[Data records]
=-=-=

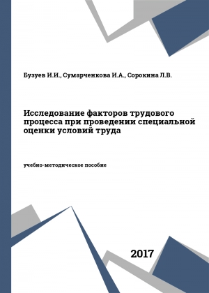 Бузуев, И. И. Исследование факторов трудового процесса при проведении специальной оценки условий труда : учебно-методическое пособие / И. И. Бузуев, И. А. Сумарченкова, Л. В. Сорокина. — 2-е изд. — Самара : Самарский государственный технический университет, ЭБС АСВ, 2017. — 101 c. — Текст : электронный // Цифровой образовательный ресурс IPR SMART : [сайт]. — URL: https://www.iprbookshop.ru/90509.html (дата обращения: 16.01.2025). — Режим доступа: для авторизир. пользователей
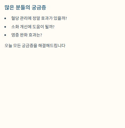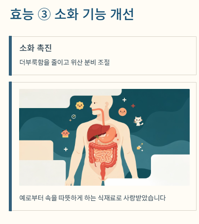 - 주요 효능: 혈당 안정, 염증 감소, 위장 기능 개선, 혈액순환 촉진
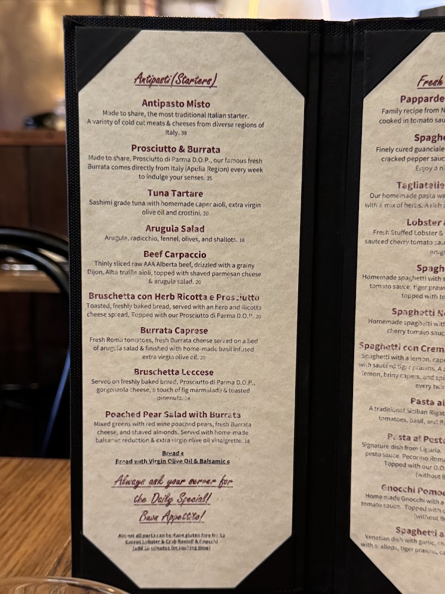 The menu is a testament to culinary excellence, featuring meticulous creations that highlight fresh ingredients. Begin your journey with delightful Antipasti like the Bruschetta Leccese, showcasing Prosciutto di Parma and Gorgonzola. For pasta lovers, the Rigatoni Al Pesto is a standout, marrying burrata with flavorful pesto, while the Lobster & Crab Ravioli offers a luxurious twist.
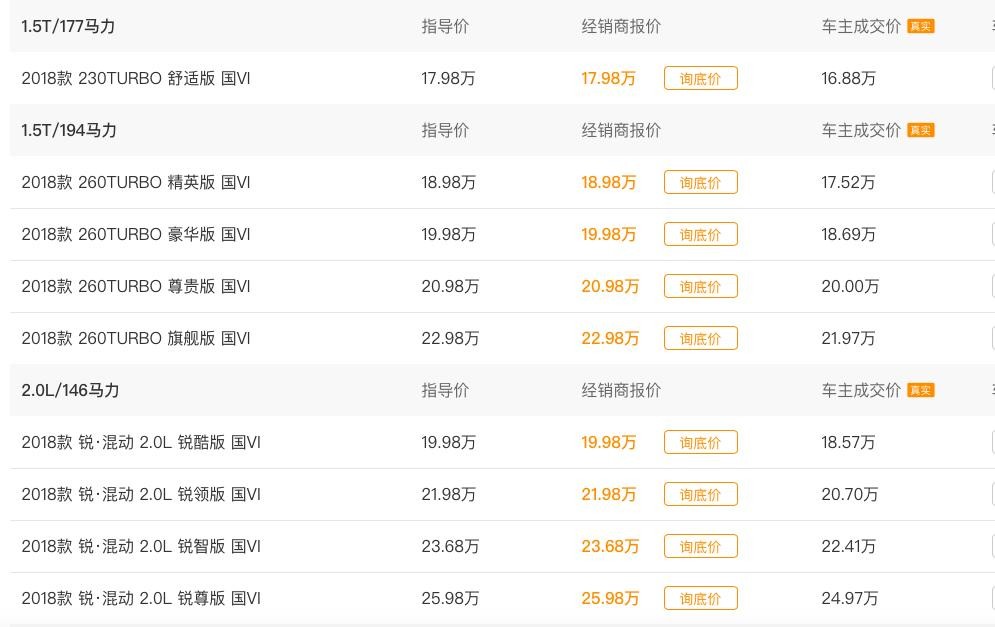 2018款雅阁:定位中型车,共9款车型,指导价17.98万-25.98万
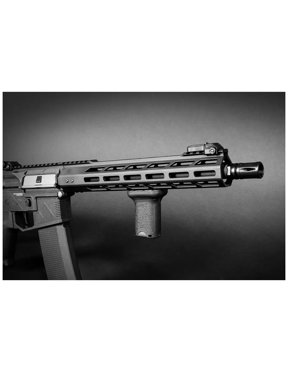 Con su cuerpo de aluminio CNC y culata ajustable, este fusil posee una resistencia y durabilidad sobresalientes, garantizando que pueda resistir las condiciones más difíciles en el campo de juego sin sacrificar su funcionamiento. Su longitud de 805 mm y su peso de 2.7 kg lo hacen versátil y fácil de manejar.
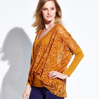 Achetez Top 2 en 1 bimatière encolure croisée manches ¾, top Votre Mode pour femme sur Pickture, dans les tendances Top

=-=-=

Reproduce all of the data exactly; the pictures do not belong in the copy.

**Response area**
 Бузуев, И. И. Исследование факторов трудового процесса при проведении специальной оценки условий труда : учебно-методическое пособие / И. И. Бузуев, И. А. Сумарченкова, Л. В. Сорокина. — 2-е изд. — Самара : Самарский государственный технический университет, ЭБС АСВ, 2017. — 101 c. — Текст : электронный // Цифровой образовательный ресурс IPR SMART : [сайт]. — URL: https://www.iprbookshop.ru/90509.html (дата обращения: 16.01.2025). — Режим доступа: для авторизир. пользователей
 - 주요 효능: 혈당 안정, 염증 감소, 위장 기능 개선, 혈액순환 촉진
 The menu is a testament to culinary excellence, featuring meticulous creations that highlight fresh ingredients. Begin your journey with delightful Antipasti like the Bruschetta Leccese, showcasing Prosciutto di Parma and Gorgonzola. For pasta lovers, the Rigatoni Al Pesto is a standout, marrying burrata with flavorful pesto, while the Lobster & Crab Ravioli offers a luxurious twist.
 2018款雅阁:定位中型车,共9款车型,指导价17.98万-25.98万
 Con su cuerpo de aluminio CNC y culata ajustable, este fusil posee una resistencia y durabilidad sobresalientes, garantizando que pueda resistir las condiciones más difíciles en el campo de juego sin sacrificar su funcionamiento. Su longitud de 805 mm y su peso de 2.7 kg lo hacen versátil y fácil de manejar.
 Achetez Top 2 en 1 bimatière encolure croisée manches ¾, top Votre Mode pour femme sur Pickture, dans les tendances Top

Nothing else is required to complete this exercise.